There are so many resources available now for improving your ear, both for general musicianship, and more specifically for improvisation. One simple little device that can be immensely helpful is a drone. (I’m of course talking about a device that makes a continuous humming sound, not the aircraft.)
In the past few months, I’ve been spending a little time each day of my practice session using a drone. Besides the improvements I’ve gained in my harmonic imagination, intonation, etc., I’ve simply been having a blast playing with it, and wanted to share some of my ideas and experiences with you.
There are three main skills in which practicing with a drone will help you improve and expand upon:
- Harmonic recognition/imagination
- Rhythmic imagination
Let’s look at these one at a time.
For intonation, playing long tones, melodies, overtones, etc., with a drone is far more effective than practicing with a visual tuner. Learning how to hear and respond immediately to the necessary changes in voicing is fundamental to any wind instrumentalist. (Notice that I said “hear”!)
By practicing long tones with a drone you rely completely upon your aural senses and let your brain know what to do to voice the note most effectively. It’s almost fail proof. All you have to do is play with the drone and cancel out the unpleasant waves you hear. You don’t even need to know specifically what you did physically to make the changes. Just trust your ear and your brain.
A great and really fun way to improve the accuracy of your harmonic ear (as well as to expand it!) is to practice simple improvisation explorations with a drone. By perceiving the drone as a particular point of reference, you can systematically (or randomly, if you prefer) give yourself the experience of hearing how different pitches relate to it.
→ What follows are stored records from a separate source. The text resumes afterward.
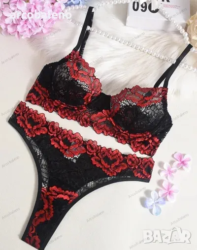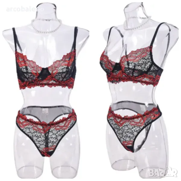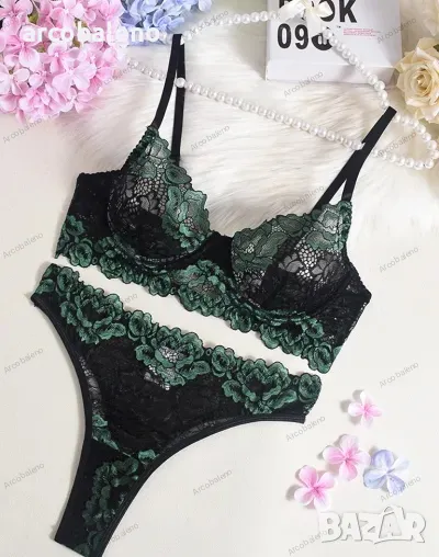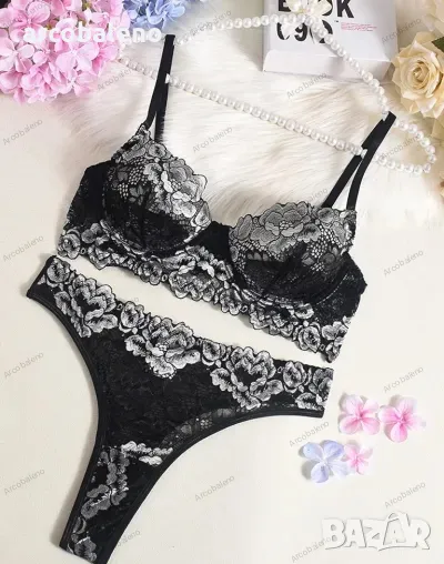 Дамски комплект бельо с дантелен сутиен в контрастен цвят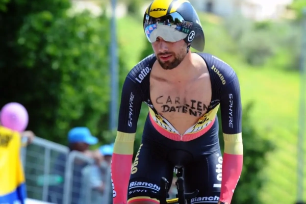 "Al geldt dat natuurlijk ook voor Tom Dumoulin. De openingstijdrit in Jeruzalem kent een golvend parcours, maar gaat wel over mooie wegen en de bochten zijn niet al te technisch." De favoriet van Campenaerts of beter gezegd zijn grootste uitdager: "Volgens mij wordt Rohan Dennis de taaiste tegenstander voor de dagzege."
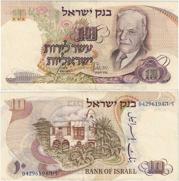 Q1662 Banknote Israel 10 Lirot Hatim Nahman Bialik 1968 -> Make offer

Here are a few examples of how you can practice this way:
- Use the drone pitch as the root of an assigned key center. For example, if your drone is a concert “C”, practice improvising simple melodies with the various tonalities of “C”: major, melodic minor, harmonic minor, Lydian, harmonic major (pentatonic scales, including major, minor and harmonic major), etc. Play around with changing key colors in your improvisation (e.g., going from major to Lydian; melodic minor to harmonic major, etc.) Listen, and enjoy, as you connect intention with aural precision.
- Perceive the drone pitch as various degrees of a particular scale. So think of a “C” drone as the root, 2nd, 3rd, etc., as you improvise in a particular “C” tonality. You’ll learn to hear and imagine scale degrees in relation to your melodic statements.
- Explore the drone as various altered tensions. You can do this with a scale or chord in mind. For example, you can perceive your “C” drone as the raised 11th of the key of F# major (as a B#, actually), or as the flatted 13th of an E7 chord. By playing around with these tensions this way, you’ll develop a more vivid harmonic imagination, turning “altered tensions” into an actual aural experience instead of a just a theoretical idea.
- Drone over a standard song. Choose a tune that is both harmonically complex and enjoyable to improvise over, and set the drone as the tonic root note. Practicing this way will help you to really internalize the modulations found within the harmony of the song.
- Have no specific key center in mind. Yes, just improvise/explore freely, noticing how certain combinations of notes work over the drone. Learn to get comfortable with (and recognize) various degrees of dissonance. Just let your mind run free and see what you discover. Or maybe make variations on a simple intervallic pattern.
Practicing with a drone can also really open up your rhythmic imagination. The constancy of the drone sound acts as a kind of support for you to push against, yet provides no specific rhythmic stimulus. At first, this can seem kind of challenging, as perhaps no kind of rhythmic movement comes immediately to mind.
But after even just a short amount of practice, you’ll find yourself imagining and playing multiple rhythmic pulses. As you spend even more time, you can explore various types of odd-metered groupings and time feels, modulating tempos and more. Practicing this way will make rhythmic variation much more available to you as you improvise.
And if you like, you can also practice with a drone and a time source (either a drum loop or metronome) at the same time. This is not only immensely helpful in opening up possibilities, but also, is very meditative, engaging and calming.
It’s not hard to get access to some good drones, these days. Here are a few resources:
I use two different smartphone/tablet apps. I have an iPad, and my favorite is RealTanpura, which simulates the four-stringed drone instrument used in Indian classical music. I like it because it has a beautiful sound, and I can change the pulsation of the drone, as well as choose various other modes (harmonic organizations), speed, pluck rate, etc.
The other app that I use from time to time is Scale-Master, which is a synthesized drone, but comes with various features that are useful, like being able to create specific intervallic drones, and a large range of frequencies.
Though I haven’t tried it myself, two of my students really love the Android drone app by saxophonist Matt Otto, which has sounds that are more sonically relevant to playing jazz.
Whichever you choose, if you start daily practice with a drone, you’ll discover all kinds of new ways to think of and hear music. Your ear will improve, and you’ll have lots of satisfying, highly enjoyable playing experiences.
And if you know of, or use, an app that you think is particularly good, please let me know about it!